J’ai toujours œuvré pour que nous ayons des stands LIBAN et non des stands individuels. La production de Vin au Liban est passée de 8 producteurs dans les années 90 à plus de 40 producteurs aujourd’hui. Participer à titre individuel à ces foires et expositions est très couteux. Quand nous faisons ceci à l’échelle du Liban, l’impact est plus fort et les coûts sont bien moindres. Même les grands producteurs de ce monde  se regroupent dans des stands par pays, France, Espagne, Nouvelle Zélande, etc, ce qui leur donne une force certaine.

Il est donc normal que nous ayons un stand LIBAN. 8 producteurs ont fait le voyage cette année. Le Salon qui fêtait ses 25 ans en Mars 2019 se dépasse d’année en année en nombre et en qualité. PROWEIN est devenu l’exposition la plus connue en Europe pour les Vins et Spiritueux. J’ai rencontré avec grand plaisir un nombre important de distributeurs, de producteurs, de clients et de professionnels. Le vin libanais est recherché et apprécié. Nous jouissons ainsi d’une grande notoriété.

La qualité du vin n’est pas en relation avec la quantité produite. Les petits producteurs sont invités à se joindre à nous et à se faire connaitre par les professionnels du secteur. Enfin, j’aimerai préciser que l’UVL reçoit des aides financières annuelles de la chambre de commerce et d’industrie et du Ministère de l’agriculture.

Oasis de Vie

Quel est l’objectif de votre dernier projet ‘Oasis de Vie’  pour les personnes du troisième âge ?

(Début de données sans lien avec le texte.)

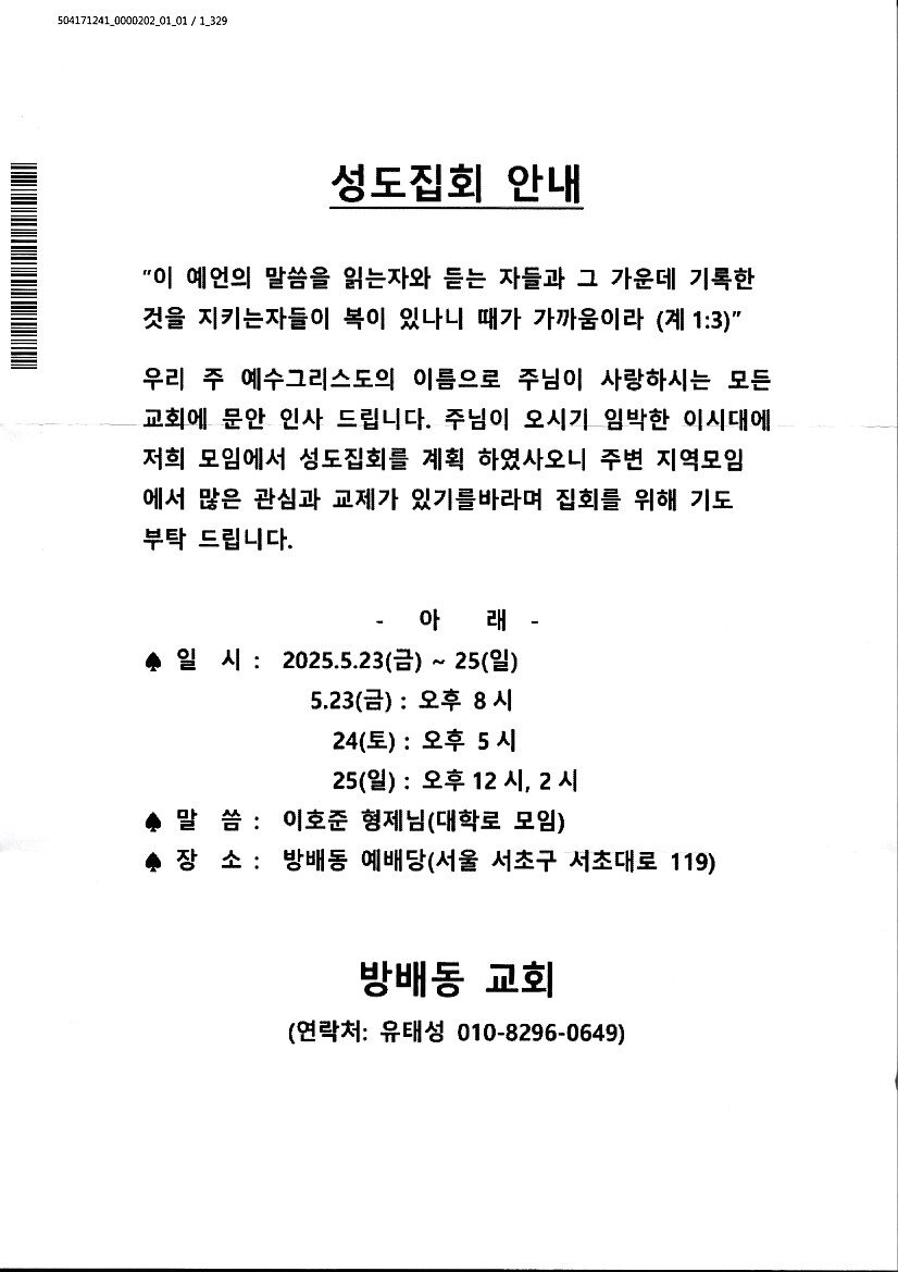 [성도집회] 방배동교회 (5월 23-25일)

Oasis de Vie est un projet humanitaire et social qui est né d’une nécessité de venir en aide aux personnes ayant besoin de soins médicaux intermédiaires, aux patients atteints de la maladie d’Alzheimer, aux patients dont le cas nécessite des soins palliatifs ou des soins de fin de vie, enfin et surtout aux personnes du troisième âge qui souhaiteraient finir leur vie dans un environnement chaleureux. Tout ceci se fait sous contrôle médical et la nouveauté de ce centre est certainement le club social où des soins de jour et un suivi quotidien sont donnés à toute personne qui le souhaite, toute personne que sa famille amènerait le matin pour reprendre le soir et qui sera accueilli dans un club muni d’une belle terrasse où un repas est servi, des animations sont organisées et les gens se rencontrent au lieu de rester seuls chez eux.

Cette facilité est ouverte aux personnes résidant dans le centre mais aussi du dehors. Les rentrées réalisées sont reversées à l’association. De même, les pertes éventuelles sont couvertes par elle. L’association étudie le cas des personnes démunies afin de leur fournir un soutien matériel partiel ou total. Nous ne cherchons pas le profit. Nous souhaitons seulement couvrir nos frais de fonctionnement. Nous sommes convaincus en tant qu’association que l’Oasis de Vie jouera un rôle social important que nous sommes fiers de remplir.

Rien ne remplace une visite sur le terrain où les personnes en charge de l’Oasis seront très heureuses de le faire visiter.